Cardiomyocytes, the workhorse cell of the heart, contain exquisitely organized cytoskeletal and contractile elements that generate the contractile force used to pump blood. Individual cardiomyocytes were first isolated over 40 years ago in order to better study the physiology and structure of heart muscle. Techniques have rapidly improved to include enzymatic digestion via coronary perfusion. More recently, analyzing the contractility and calcium flux of isolated myocytes has provided a vital tool in the cellular and sub-cellular analysis of heart failure. Echocardiography and EKGs provide information about the heart at an organ level only. Cardiomyocyte cell culture systems exist, but cells lack physiologically essential structures such as organized sarcomeres and t-tubules required for myocyte function within the heart. In the protocol presented here, cardiomyocytes are isolated via Langendorff perfusion. The heart is removed from the mouse, mounted via the aorta to a cannula, perfused with digestion enzymes, and cells are introduced to increasing calcium concentrations. Edge and sarcomere detection software is used to analyze contractility, and a calcium binding fluorescent dye is used to visualize calcium transients of electrically paced cardiomyocytes; increasing understanding of the role cellular changes play in heart dysfunction. Traditionally used to test drug effects on cardiomyocytes, we employ this system to compare myocytes from WT mice and mice with a mutation that causes dilated cardiomyopathy. This protocol is unique in its comparison of live cells from mice with known heart function and known genetics. Many experimental conditions are reliably compared, including genetic or environmental manipulation, infection, drug treatment, and more. Beyond physiologic data, isolated cardiomyocytes are easily fixed and stained for cytoskeletal elements. Isolating cardiomyocytes via perfusion is an extremely versatile method, useful in studying cellular changes that accompany or lead to heart failure in a variety of experimental conditions.

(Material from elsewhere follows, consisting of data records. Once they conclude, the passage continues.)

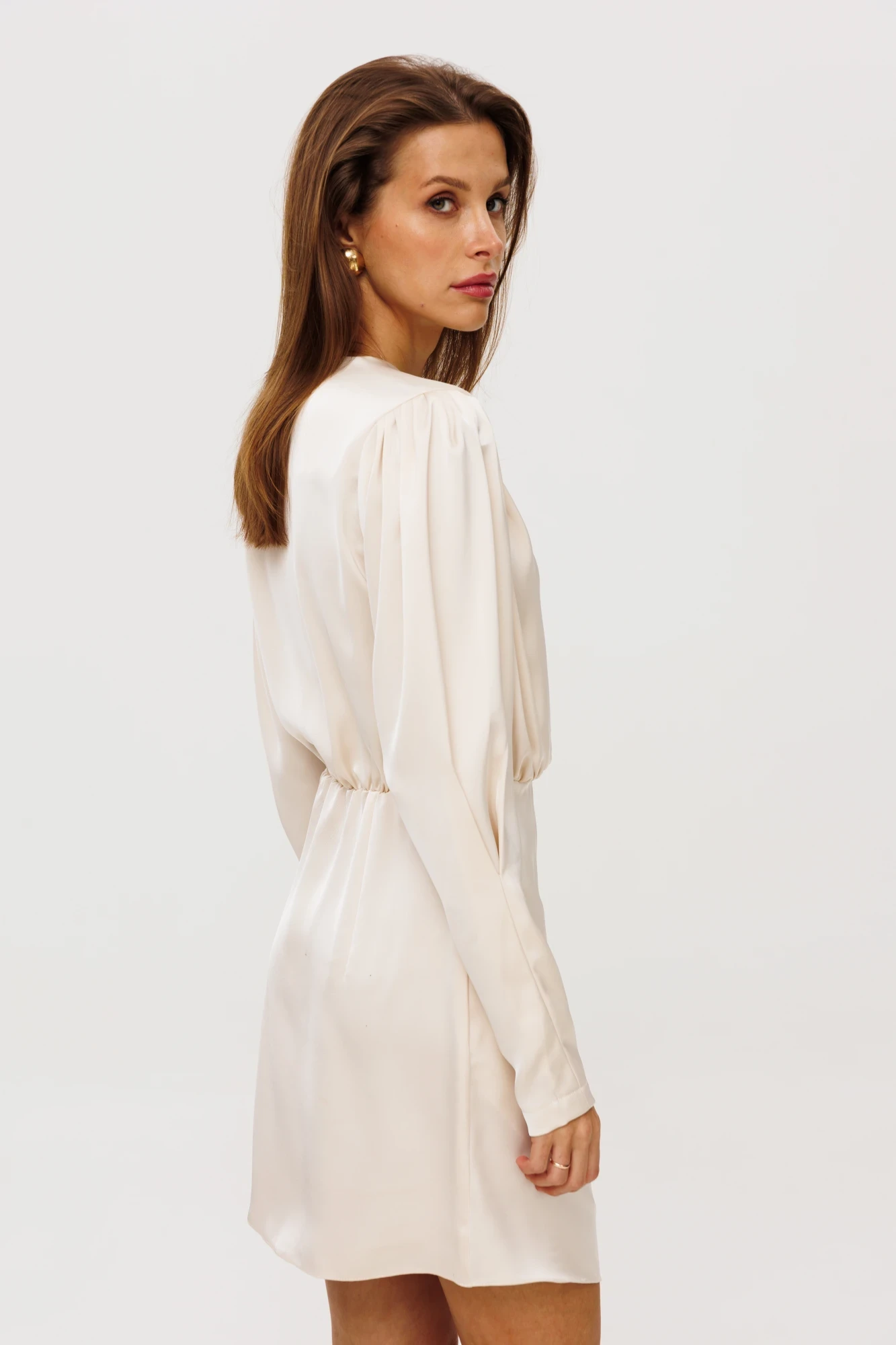 Платье на запах из вискозной атласной ткани свободного силуэта ,молния в боковом шве, талия отрезная, на резинке, драпировка по переду, без подкладки. Рукав втачной с драпировкой по окату , зауженный к низу. Длина по спинке 84 см, длина рукава 64 см , полуобхват талии 33 см в 42-м размере.
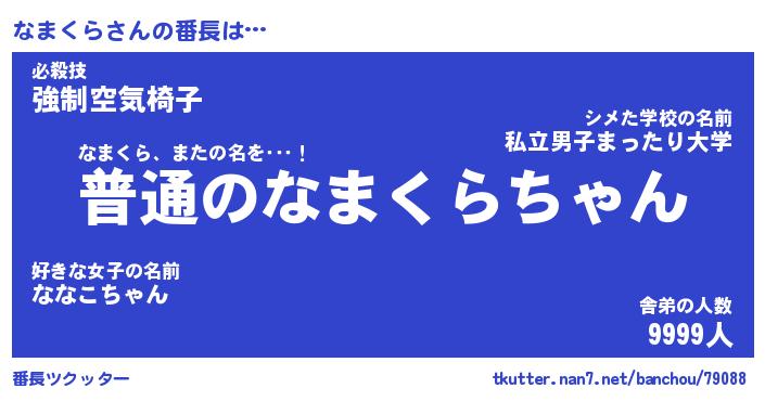 | ヒーロー風カッコイイあだ名 | 『スーパーナマクラ』『暗黒騎士ナマ』 |
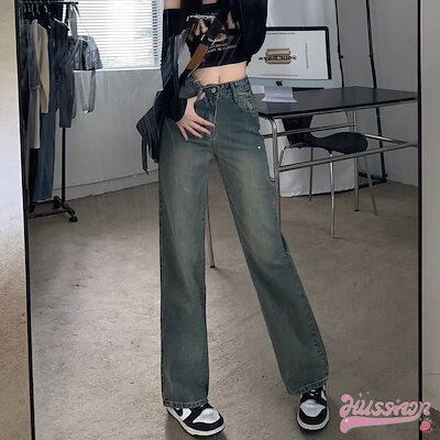 ハイウエストストレートジーンズ レディース ストレートロングパンツ カジュアル 可愛い シンプル30%までに制限

Cardiomyocytes provide the contractile force for the heart. Each myocyte contains organized cytoskeletal and contractile elements essential to contraction. The heart not only contains cardiomyocytes but also fibroblasts, connective tissue, and modified myocytes such as Purkinje fibers. Changes in any or all of these cell types can be seen in heart failure, making determination of the ultimate cause of heart dysfunction difficult. Decreased ventricular contractility of a failing heart is preceded by varying degrees of fibrous tissue build-up and hypertrophy and dysfunction of the cardiomyocytes1. Arrhythmias can be caused by dysfunction in the conducting cells2, fibrosis interrupting cardiac conduction3, or changes in the expression of ion channels in cardiomyocytes1,4. Indeed, these problems often co-exist in a complicated fashion.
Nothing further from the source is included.